Start of Records for the exercise

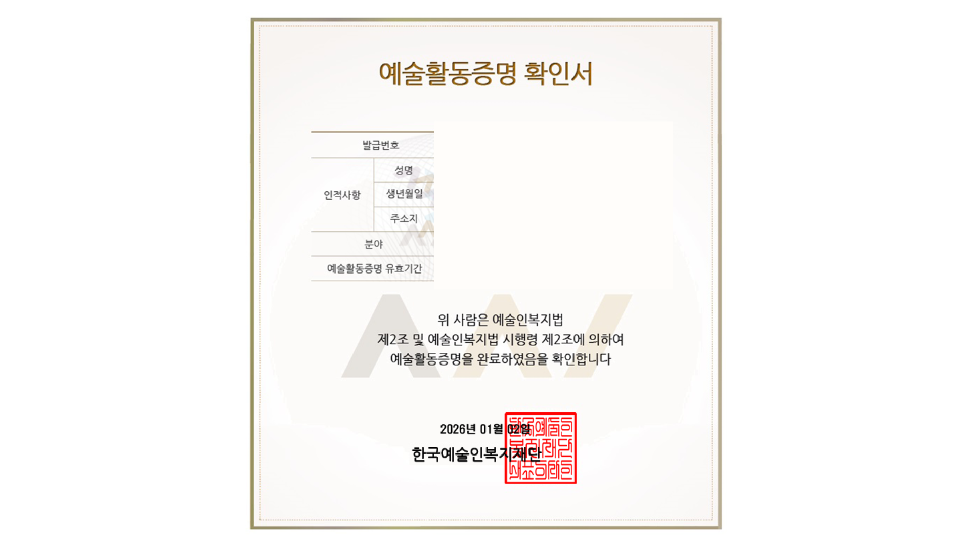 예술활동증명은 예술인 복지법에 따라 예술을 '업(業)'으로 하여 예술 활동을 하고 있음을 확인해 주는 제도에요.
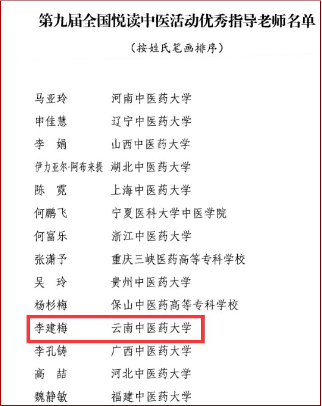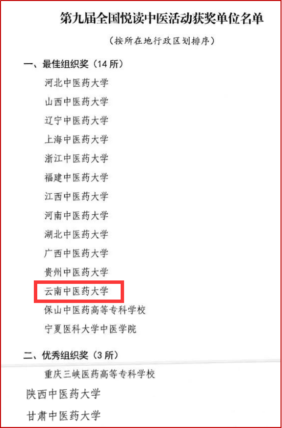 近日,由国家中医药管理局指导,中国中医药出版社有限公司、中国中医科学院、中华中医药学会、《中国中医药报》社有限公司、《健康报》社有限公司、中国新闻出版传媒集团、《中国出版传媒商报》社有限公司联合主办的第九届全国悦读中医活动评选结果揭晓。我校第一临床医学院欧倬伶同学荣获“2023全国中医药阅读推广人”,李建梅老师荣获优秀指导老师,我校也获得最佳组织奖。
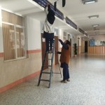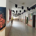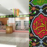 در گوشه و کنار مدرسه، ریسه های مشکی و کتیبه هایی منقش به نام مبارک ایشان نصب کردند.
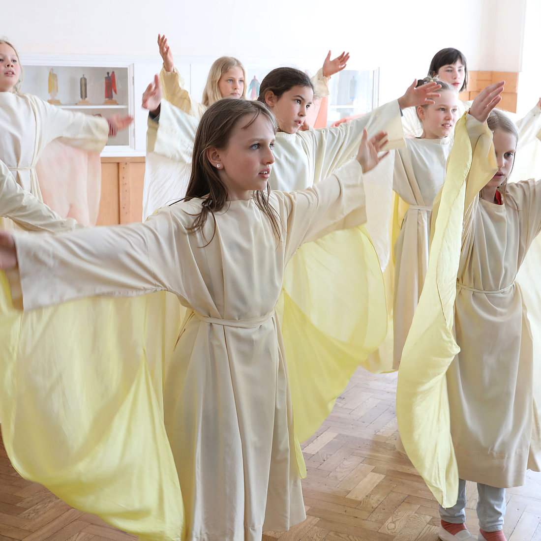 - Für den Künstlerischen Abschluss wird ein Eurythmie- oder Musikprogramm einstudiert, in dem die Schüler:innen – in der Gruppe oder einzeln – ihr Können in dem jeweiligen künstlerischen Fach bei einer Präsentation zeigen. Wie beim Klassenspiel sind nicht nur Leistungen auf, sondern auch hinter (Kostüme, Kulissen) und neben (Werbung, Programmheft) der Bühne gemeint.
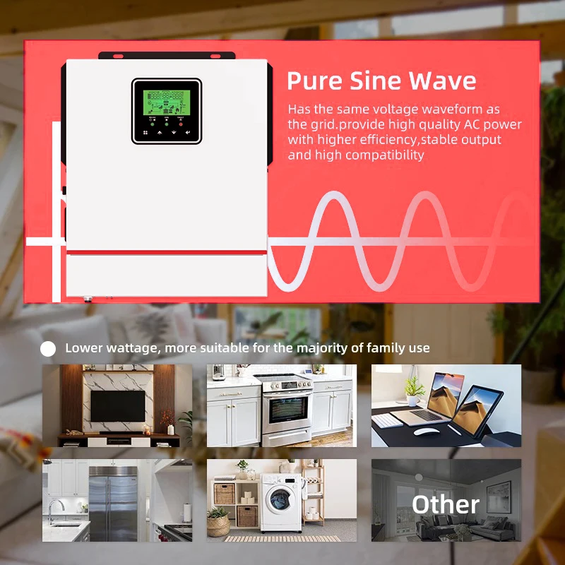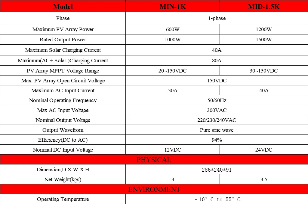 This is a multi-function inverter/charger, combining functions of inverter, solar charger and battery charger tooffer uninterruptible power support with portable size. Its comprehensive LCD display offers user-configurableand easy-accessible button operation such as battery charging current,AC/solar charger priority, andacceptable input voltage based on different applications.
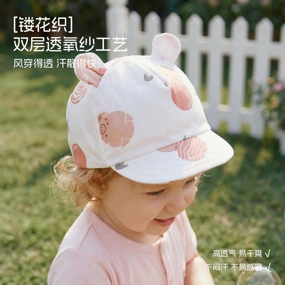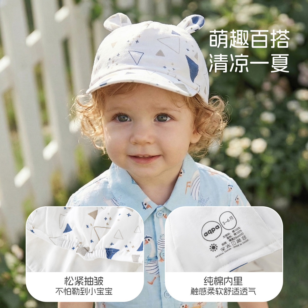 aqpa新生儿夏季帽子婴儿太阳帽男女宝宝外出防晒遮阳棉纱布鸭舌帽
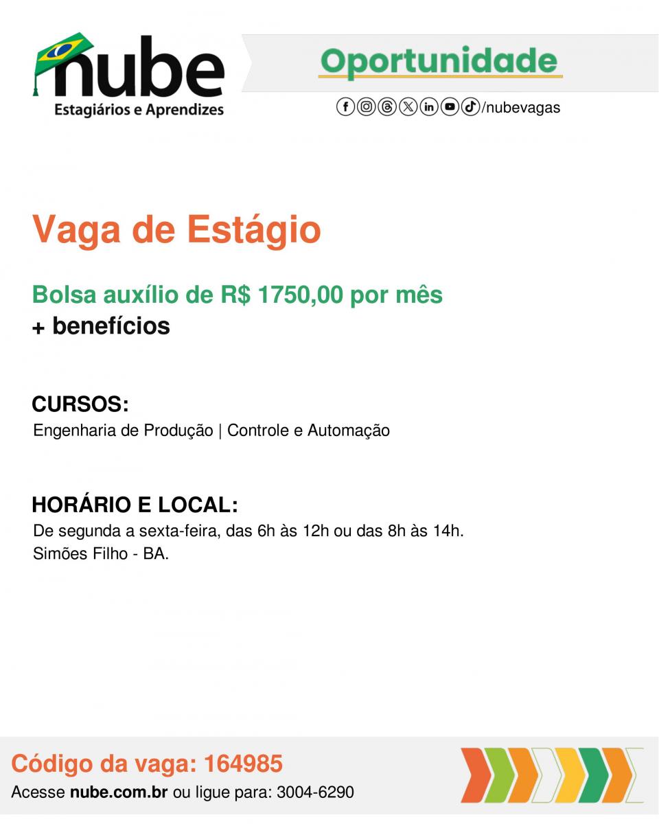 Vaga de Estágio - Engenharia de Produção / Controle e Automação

End of Records for the exercise

Exercise:
Output the records above as they stand, from the first line to the line with "در گوشه و کنار", inclusive, and exclude the pictures.

Response:
 예술활동증명은 예술인 복지법에 따라 예술을 '업(業)'으로 하여 예술 활동을 하고 있음을 확인해 주는 제도에요.
 近日,由国家中医药管理局指导,中国中医药出版社有限公司、中国中医科学院、中华中医药学会、《中国中医药报》社有限公司、《健康报》社有限公司、中国新闻出版传媒集团、《中国出版传媒商报》社有限公司联合主办的第九届全国悦读中医活动评选结果揭晓。我校第一临床医学院欧倬伶同学荣获“2023全国中医药阅读推广人”,李建梅老师荣获优秀指导老师,我校也获得最佳组织奖。
 در گوشه و کنار مدرسه، ریسه های مشکی و کتیبه هایی منقش به نام مبارک ایشان نصب کردند.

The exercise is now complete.